DVC manages data. Git manages code, config, and DVC pointer files. MLflow manages experiment runs and model lifecycle.

How DVC versioning works

Every parquet file tracked by DVC has a corresponding .dvc pointer file in Git recording the content hash and the MinIO remote path. When a DVC stage runs:

  1. It computes a hash of its declared outputs.
  2. If the hash matches what is in the Git-tracked .dvc file, the stage is skipped.
  3. If the hash differs (or is missing), the stage re-runs and updates the .dvc file.

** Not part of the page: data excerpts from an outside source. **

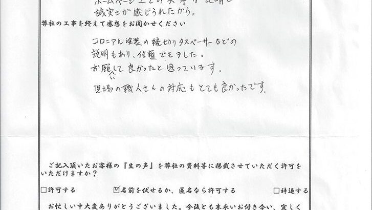 外壁塗装をご依頼いただいた福岡市東区F様の声
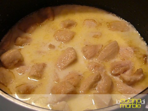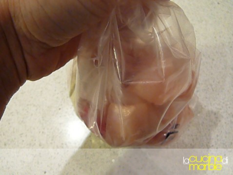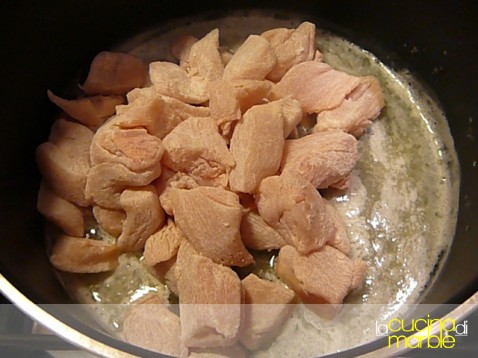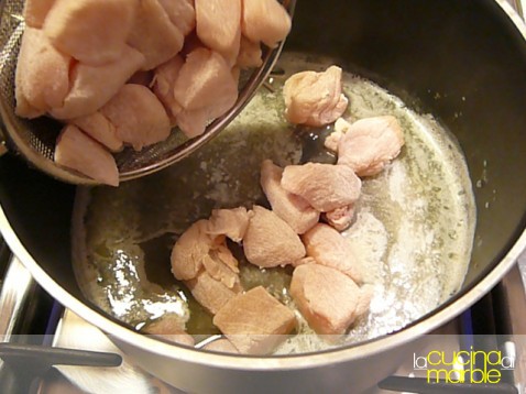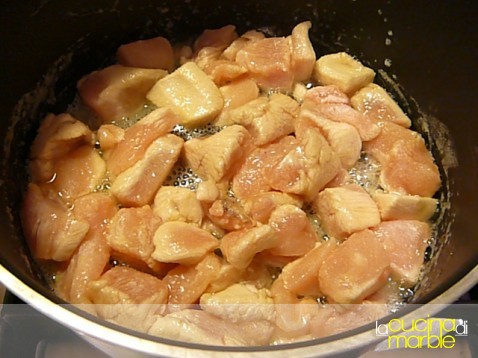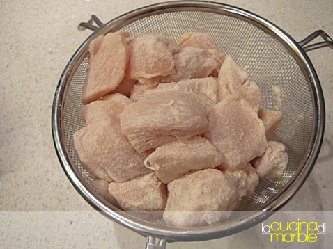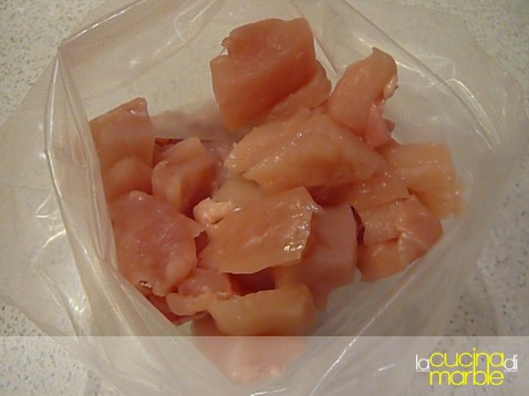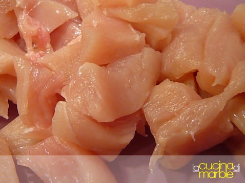 tagliare a pezzetti regolari i petti di pollo (io lo faccio sempre con la forbice)
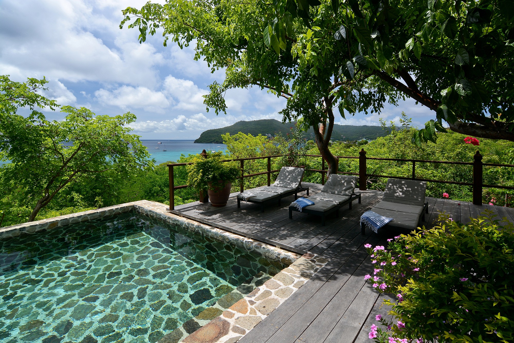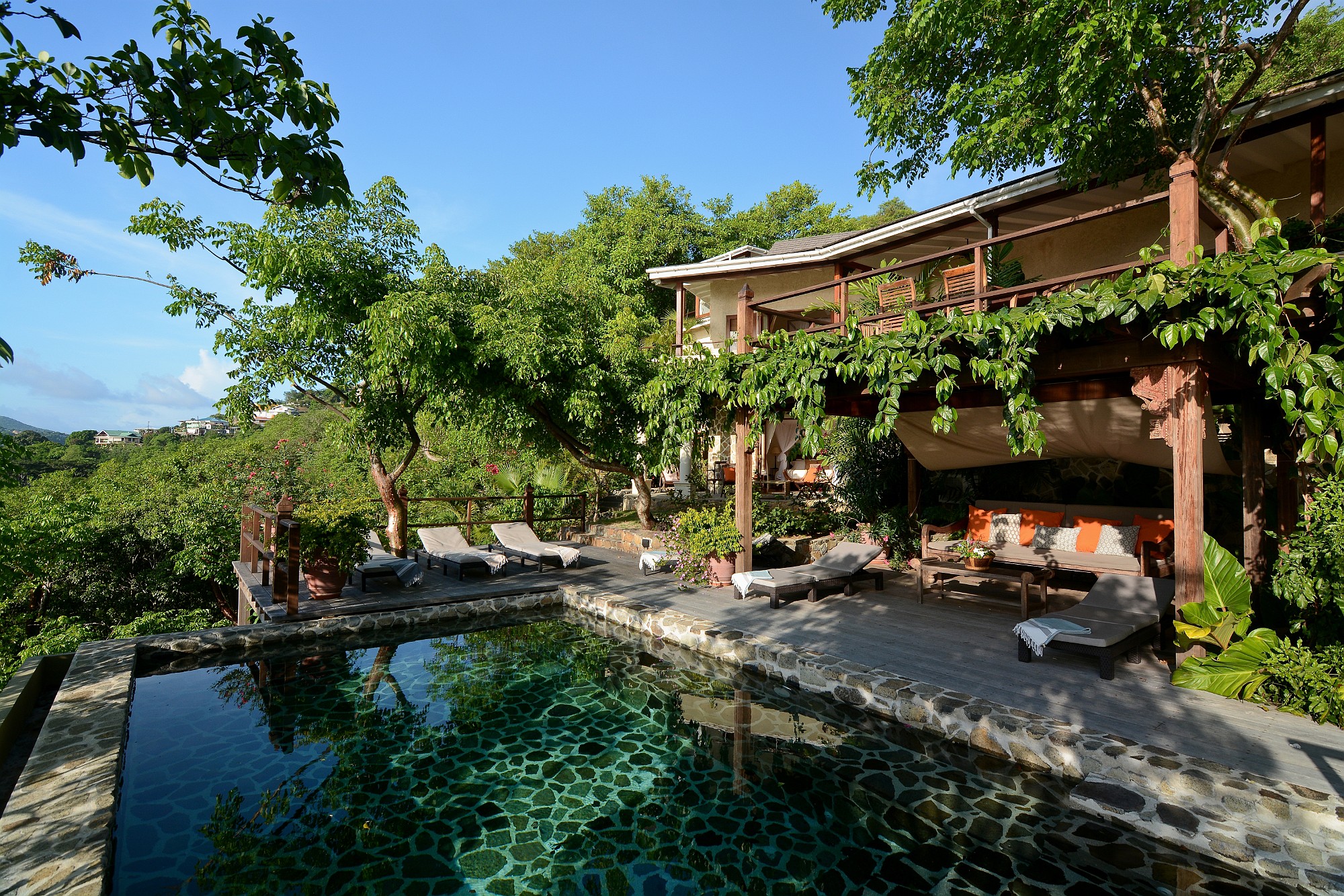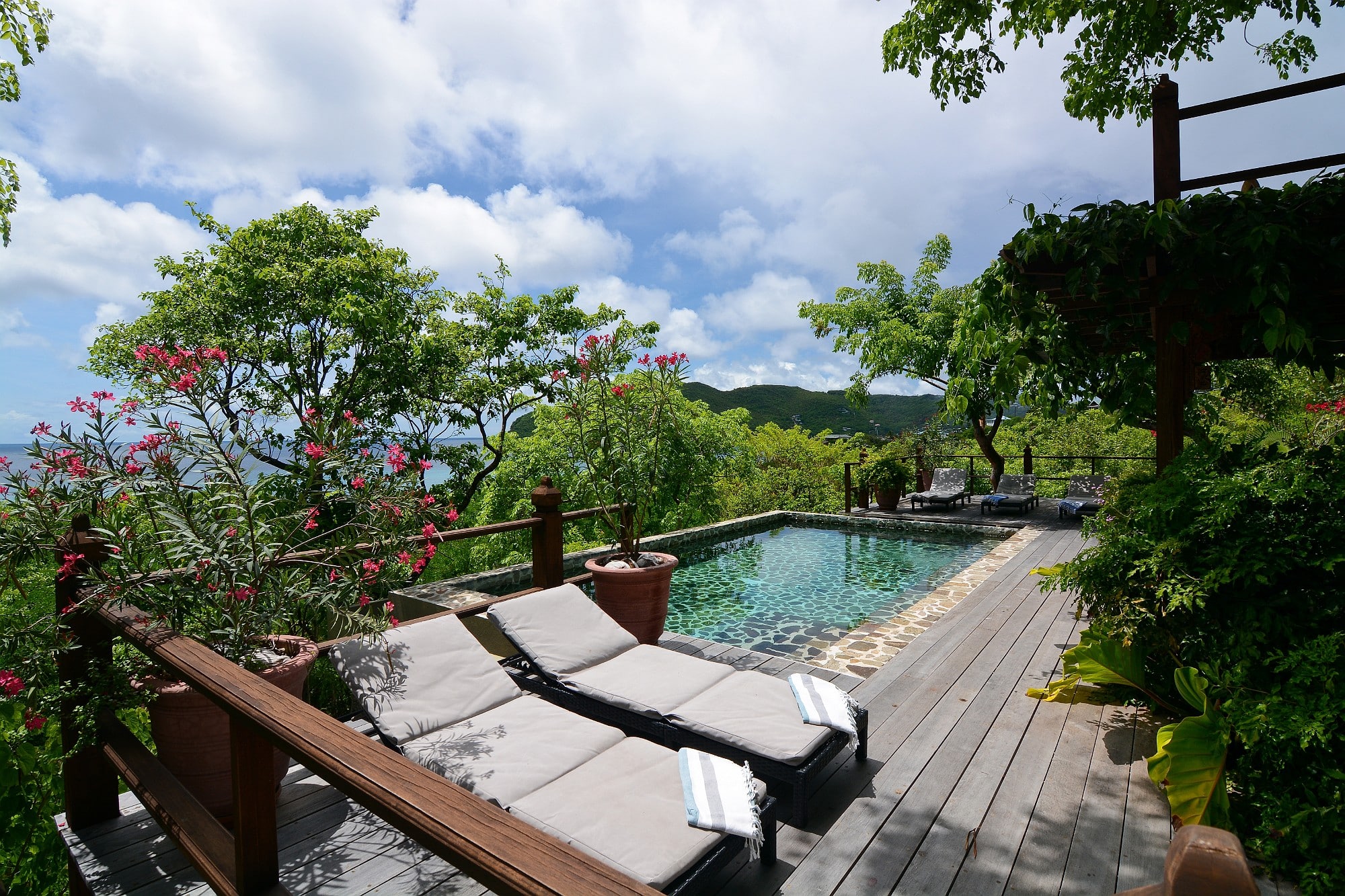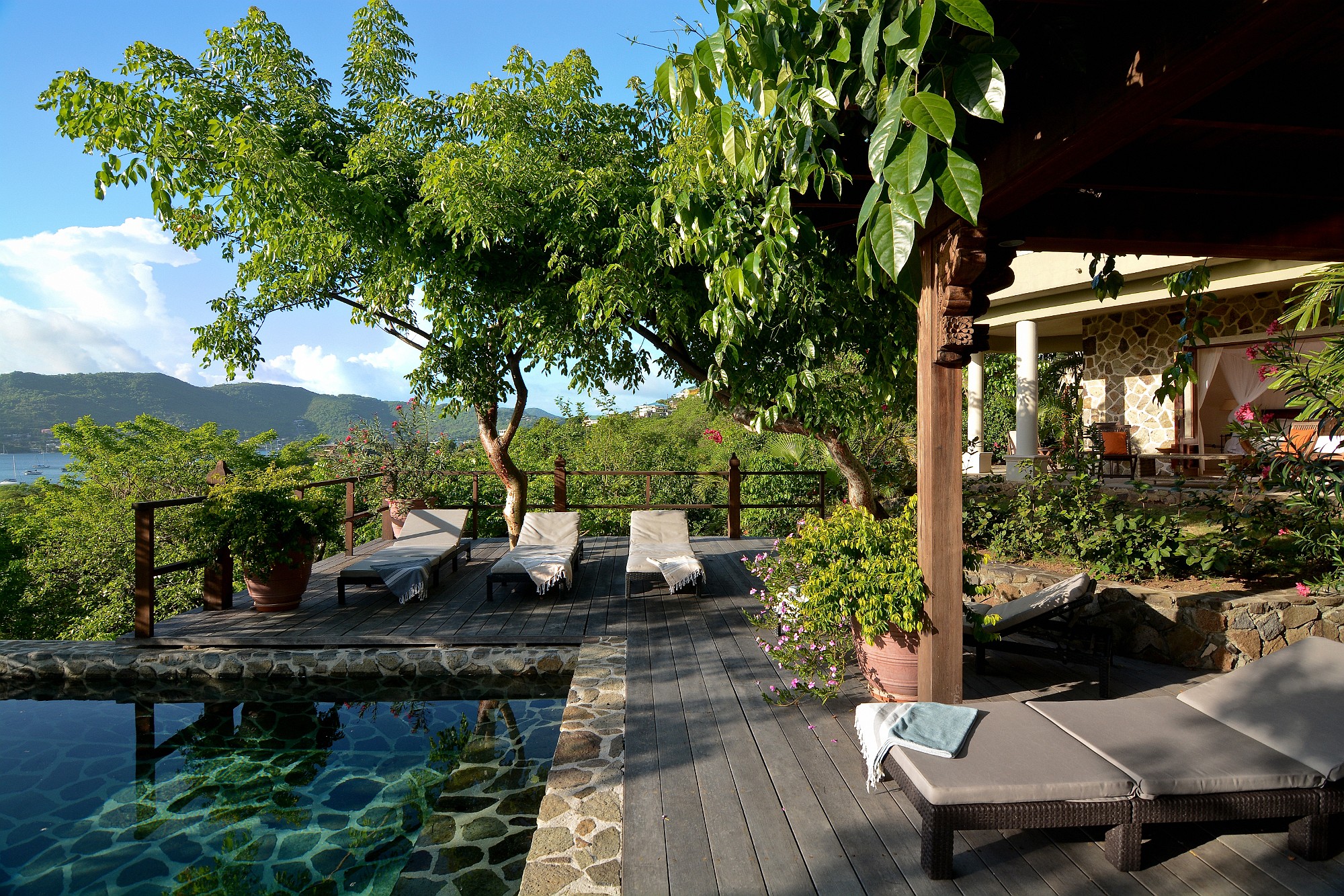 Recent enhancements include steps leading directly from the living terrace down to a private swimming pool and shaded deck area, positioned to take full advantage of the views across the bay. This addition significantly enhances the villa’s lifestyle and rental appeal, creating a complete indoor–outdoor living experience.
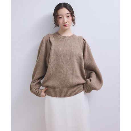 肩先と袖山の大胆なタックがポイントのニットプルオーバー。
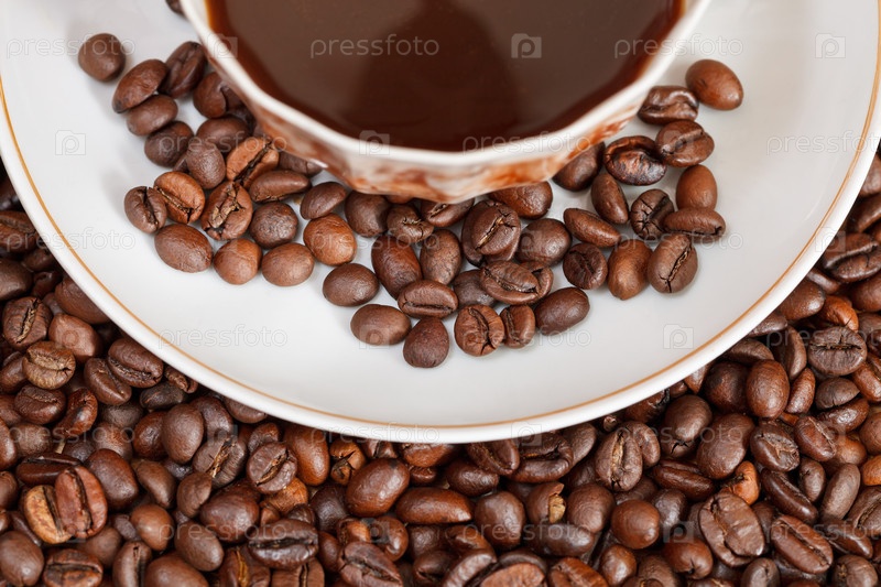 Чашка кофе и жареные бобы
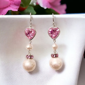 Heart CZ Crystal & Freshwater Pearl Wrapped in Sterling Silver
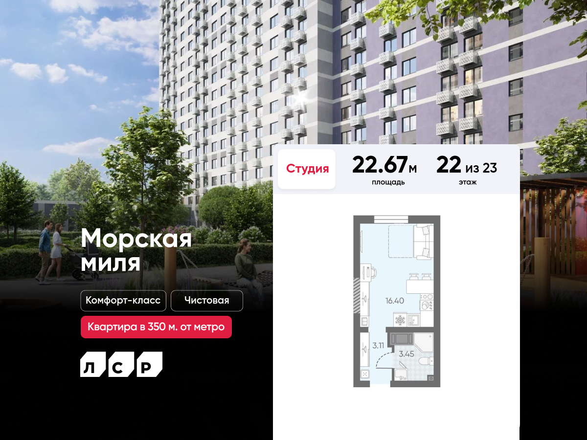 ЖК «Морская миля» - современный жилищный комплекс, который будет построен к 2 квартале 2024 г. и относится к комфорт-классу. Имеет удобное расположение: район Красносельский города Санкт-Петербург, расстояние до ближайшего метро Кировский завод - 6 минут на автомобиле.

A given Git commit uniquely identifies the dataset state for that pipeline run.

Reproducibility guarantee

Given a Git commit hash, access to the MinIO remote, and the same params.yaml at that commit, any past experiment can be reproduced:

git checkout <commit>
dvc pull
dvc repro

This holds because: - all pipeline inputs (parquet files, params) are content-addressed, - all feature and preprocessing logic is deterministic (pure functions, no random state in data stages), - all randomness in model training is seeded via params.yaml.

How DVC and MLflow connect

Each MLflow experiment run records the DVC dataset version, training parameters, and metrics. Following the chain:

MLflow model version
    → MLflow run ID
    → params.yaml commit
    → DVC .dvc pointer files at that commit
    → MinIO content-addressed parquet

Restore semantics

# Restore to a specific git commit
git checkout <commit>
dvc pull               # download exact data matching that commit from MinIO

# Verify pipeline state
dvc status             # should report "Data and pipelines are up to date"

# Reproduce the full pipeline from that point
dvc repro

What is NOT versioned by DVC

  • PostgreSQL data — the raw parquet export is the version boundary.
  • GE validation reports — HTML artifacts are produced per run but not tracked as versioned datasets.
  • Metadata JSON files (data/metadata/) — regenerated on each preprocessing run.

Backfills

Backfills are an operator-driven manual process. See Runbook: Backfills for the full procedure and safety invariants.

A backfill changes data in PostgreSQL. On the next dvc repro, load_data_from_sources produces a parquet file with a different content hash → DVC updates the .dvc pointer → downstream stages re-run → new MLflow experiment run produced. The previous DVC version remains in MinIO (rollback path).

Safety invariants: never mutate existing DVC-tracked datasets in-place; always re-run downstream ML stages explicitly; always validate that GE contracts pass on backfilled data.